Garland: Confronting hate crimes is DOJ's 'legal and ... moral obligation'

Attorney General Merrick Garland, speaking in Buffalo, N.Y., after meeting with the families of the victims of the Buffalo mass shooting, affirmed the Justice Department’s commitment to combat hate crimes. He made the remarks after the DOJ announced that federal hate crime charges had been filed against the alleged shooter in the May 14 supermarket massacre in which 10 people were killed, all of whom were Black, and another three wounded.

Video transcript

MERRICK GARLAND: Hate-fueled acts of violence terrorize not only the individuals who are attacked, but entire communities. Hate brings immediate devastation and it inflicts lasting fear. At the Justice Department, we view confronting hate crimes as both our legal and our moral obligation.

The Justice Department was founded more than 150 years ago with the first principle task of protecting Black Americans and our democracy from white supremacist violence. Today, we approach that task with the same degree of urgency as we did then. We fully recognize the threat that hatred and violent extremism pose to the safety of the American people and American democracy.

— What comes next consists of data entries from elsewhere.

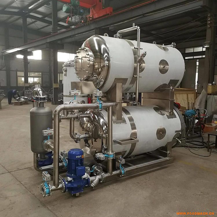 熱水循環(huán)式殺菌:殺菌時(shí)鍋內(nèi)食品全部被熱水浸泡,這種方式熱分布比較均勻。
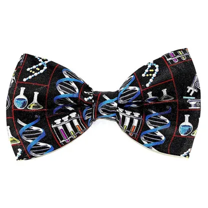 Almost everybody knows a professor who wears a bowtie to their classrooms and lectures. Spice up their bowtie collection with this exceptional DNA themed bowtie. Featuring the colorful pattern of DNA molecules, test tubes and microscopes on top of a black background, this bowtie is sure to turn a few heads.
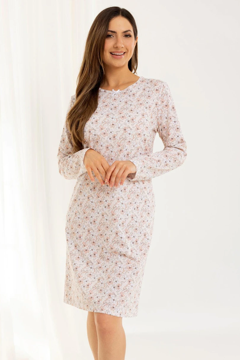 Koszula nocna 164 J/25 to wyjątkowa propozycja dla kobiet ceniących subtelny, kobiecy styl i naturalne tkaniny. Wykonana z wysokiej jakości bawełny, ozdobiona drobnym, kwiatowym wzorem, zachwyca lekkością i romantycznym wykończeniem. Koszula posiada długi rękaw oraz okrągły dekolt ozdobiony kokardką i dekoracyjnym obszyciem, co dodaje jej uroku. Długość do kolana i luźny fason zapewniają komfort noszenia przez cały rok – idealna zarówno do snu, jak i wieczornego relaksu.
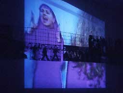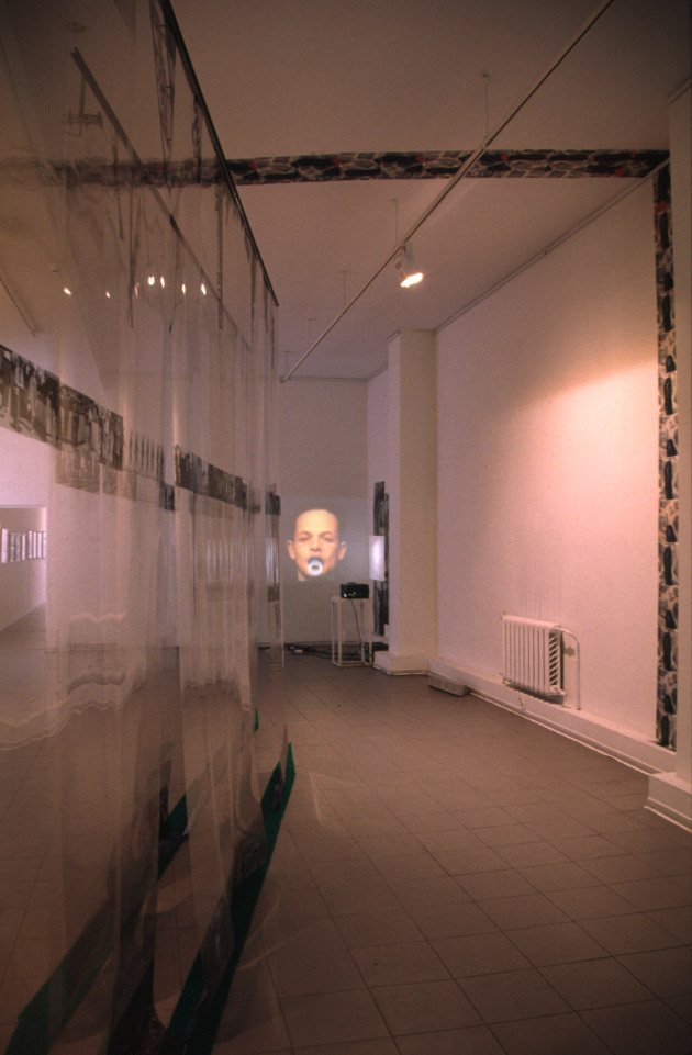 Оксана Чепелик, Уте Вайс Ледер. Далекосяжність. 1999. Інсталяція, прозора плівка, 300 × 460 см, відео, 10’
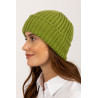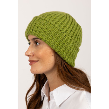 Unsere Damen-Kaschmirmütze in lindgrün wird in Italien mit erstklassigem Kaschmirgarn und einer breiten Nadelstärke gestrickt, was sie unglaublich weich macht.
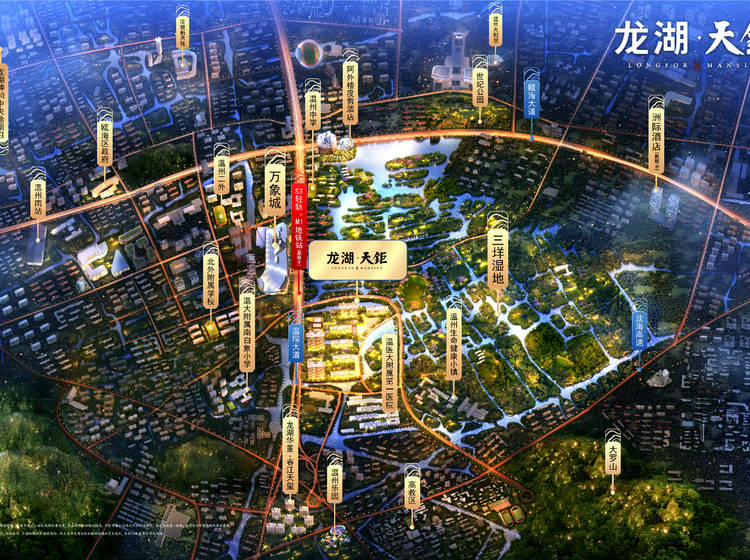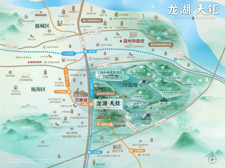 项目居自然、揽繁华,近邻万象城、温医附一医,步行可达轻轨S3/地铁M1线(规划),周边温州中学等百年名校环绕。
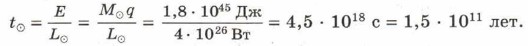 Так, звезда спектрального класса В имеет массу около М ≈ 20М Источник энергии Солнца и звезд. По современным представлениям, источником энергии, поддерживающим излучения Солнца и звезд, служит ядерная энергия, которая выделяется при термоядерных реакциях образования (синтеза) ядер атомов гелия из ядер атомов водорода. При реакции синтеза из четырех ядер атомов водорода (четырех протонов) образуется ядро атома гелия, при этом выделяется энергия ΔЕ = 4,8 • 10-12 Дж, называемая энергией связи, две элементарные частицы нейтрино и два позитрона (4Н Не + 2е+ + 2ν + ΔЕ). Для протекания ядерных реакций необходима температура выше нескольких миллионов кельвинов, при которой участвующие в реакции протоны с одинаковыми зарядами смогли бы получить достаточную энергию для взаимного сближения, преодоления электрических сил отталкивания и слияния в одно новое ядро. В результате термоядерных реакций синтеза из водорода массой 1 кг образуется гелий массой 0,99 кг, дефект масс Δm = 0,01 кг и выделяется энергия q = Δmc2 = 9 • 1014 Дж. Теперь можно оценить, на сколько времени хватит у Солнца запасов водорода, чтобы поддерживать наблюдаемое свечение Солнца, т. е. время жизни Солнца. Запас ядерной энергии Е = M

We will be relentless in our efforts to combat hate crimes, to support the communities terrorized by them, and to hold accountable those who perpetrate them. No one in this country should have to live in fear that they will go to work or shop at a grocery store and will be attacked by someone who hates them because of the color of their skin, someone who commits that act because he subscribes to the vile theory that only people like him belong in this country. And no one in this country should have to bury a loved one because of such hate.